Dia bisa mati berdiri demi menulis seratus ribu kata sebulan. Otaknya tidak akan mampu

Oke. Sebenarnya, Dinda tidak hanya mengirimkan naskah ke satu platform saja. Dia juga mengirimkan alamat e-mail pengiriman naskah di platform berbeda, Lisnulis. Tapi katanya, di situ sedikit lebih lama prosesnya dan besaran uang yang didapatkan juga tidak sebesar di platform yang pertama. Penghasilan sangat dipengaruhi oleh jumlah dukungan pembaca.

Masalahnya ada di sini.

Daisy bukan pengguna media social aktif. Jadi, dia tidak yakin dan tidak tahu bagaimana cara menarik pembaca untuk membaca tulisannya di platform. Penjualan sepenuhnya bergantung dari begitu gencar penerbit mempromosikan buku-bukunya. Penerbit pernah menyarankan Daisy untuk membuka akun Instagram sebagai media promosi. Tetapi akun itu tidak begitu aktif karena Daisy memang jarang memosting sesuatu di sana. Padahal salah satu strategi jualan adalah dengan memanfaatkan media social pribadi. Daisy merasa tidak memiliki hal menarik untuk diposting. Dia tidak suka selfie. Dia tidak cukup kreatif untuk membuat akun TokTik yang sekarang tengah booming.

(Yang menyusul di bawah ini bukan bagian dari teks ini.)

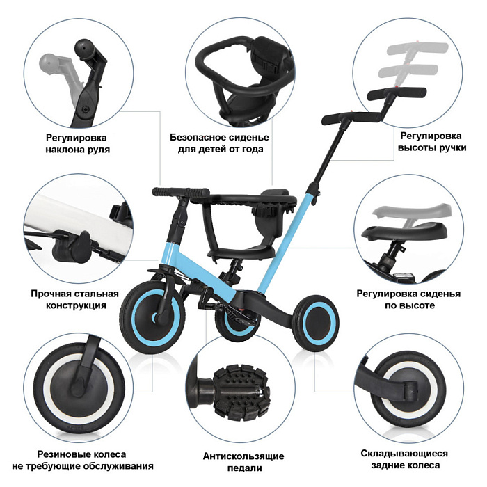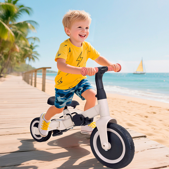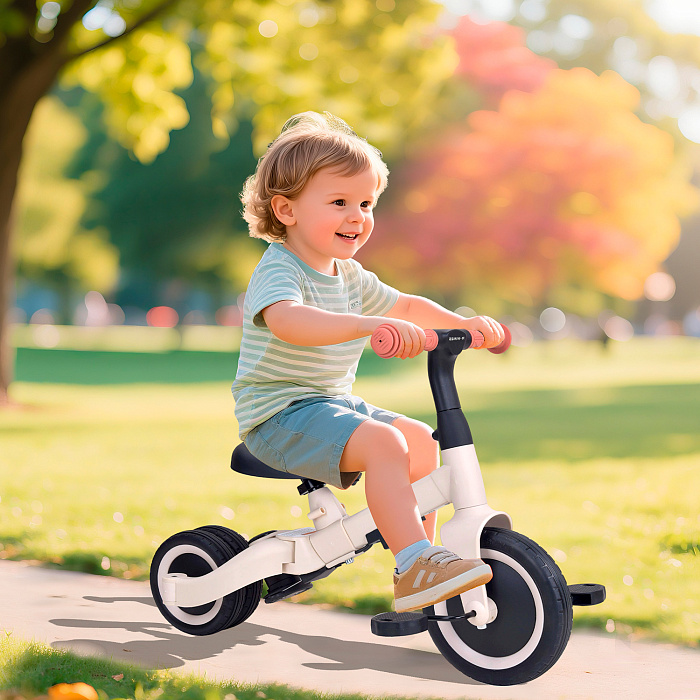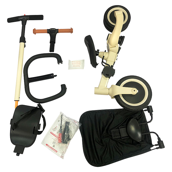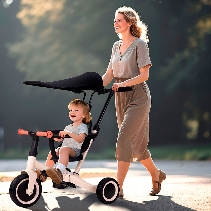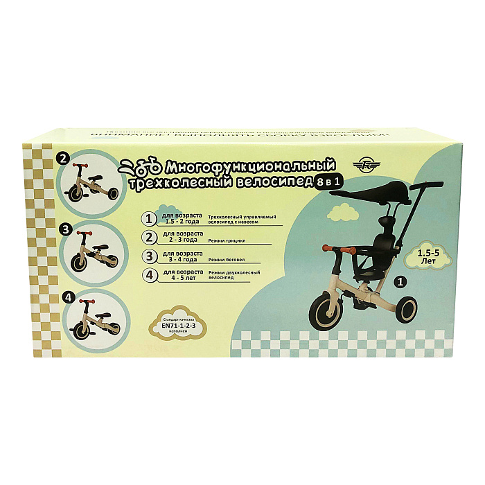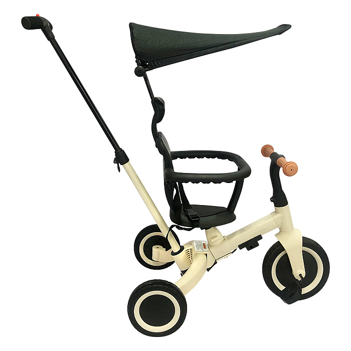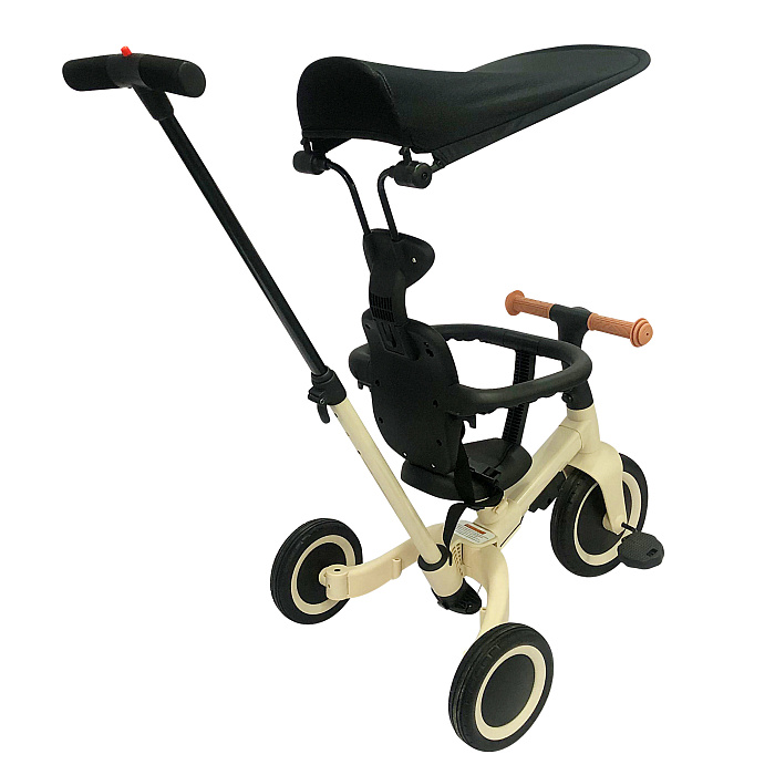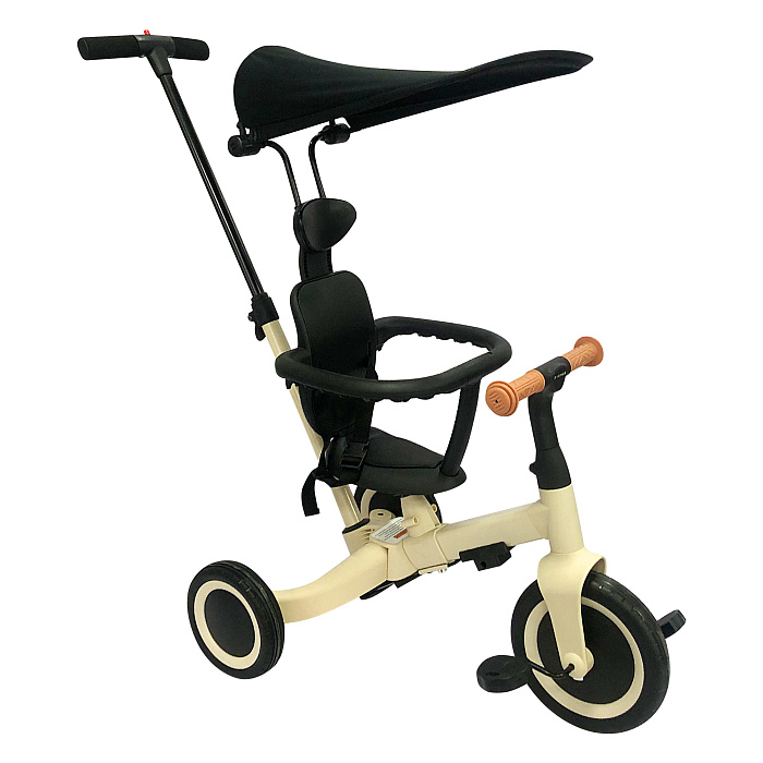 Детский беговел-велосипед 8в1 с крышей и ручкой, бежевый - TR010-BEIGE - это обновленная модель беговела TR008 с боковой поддержкой сиденья и крышей.

Daisy pun menyadari seberapa malas dirinya untuk hal yang orang sebut sebagai self branding.

Dinda : jd gimana?

Daisy : belum tau

Dinda : Jgn kelamaan mikir. Sekarang, antrian di editor lagi panjang banget. Naskah masuk bulan ini, baru bisa diproses tiga bulan lagi.

Daisy : serius?

Dinda : seriuslah. Sambil nungguin naskah di ACC, kamu bisa nulis naskahnya. Buat aja dulu sinopsis, tiga bab pertama, sama ngisi identitas.

Daisy : Oke. Oke. Nanti ya aku lihat-lihat dulu.

Iya. Lihat-lihat aja dulu. Ntar juga didiemin. Nggak diapa-apain.

Daisy membuang napas frustrasi.

Kenapa sih dia bisa jadi sepasif dan semalas ini?

Padahal Daisy cukup yakin kalau sebenarnya dia punya potensi. Tapi potensi tanpa eksekusi hanya akan berakhir menjadi sebuah hal sia-sia. Ketika dia masih terus berpikir-pikir dan lihat-lihat dulu, mungkin saat itu, Dinda serta ratusan penulis lain sudah menghasilkan puluhan bahkan ratusan juta rupiah.

Memang tidak ada kata terlambat dalam berkarya. Tapi menjadi cekatan, sudah pasti akan mendatangkan hasil yang lebih cepat.

Hh, nggak ada pilihan lain.

Setelah mengakhiri obrolan di Whatsapp, Daisy beralih membuka laptop.

Hmm, mau melakukan apa sekarang?

Dia seharusnya menyelesaikan deadline, bukannya membuat masalah baru dengan menulis naskah baru.

Hei, bukannya dia punya satu draft lama? Kisah jaman SMA dulu?

Jemari Daisy mulai digerakkan di atas pad, men-scroll ke deretan file naskah. Nama file naskah lamanya diberi titel SMA. Dia memang kurang kreatif membuat nama file.

Baru saja membuka halaman pertama, kepalanya langsung cenat-cenut.

Siapa yang memulai naskah dengan menulis kata "pada suatu hari?"

Dulu, dia mengakui memiliki bakat tulis menulis, tapi tidak menyangka dia akan menggunakan kata-kata pembuka seperti itu? Kata-kata yang tidak akan disukai editor manapun di dunia ini, kecuali jika kamu bercerita tentang dongeng putri kerajaan atau cerita rakyat di mana manusia bisa menjelma menjadi hewan karena ketamakan.

Please, Daisy. You can do better!

Setelah ber-istighfar berkali-kali, Daisy menutup file acakadut tersebut.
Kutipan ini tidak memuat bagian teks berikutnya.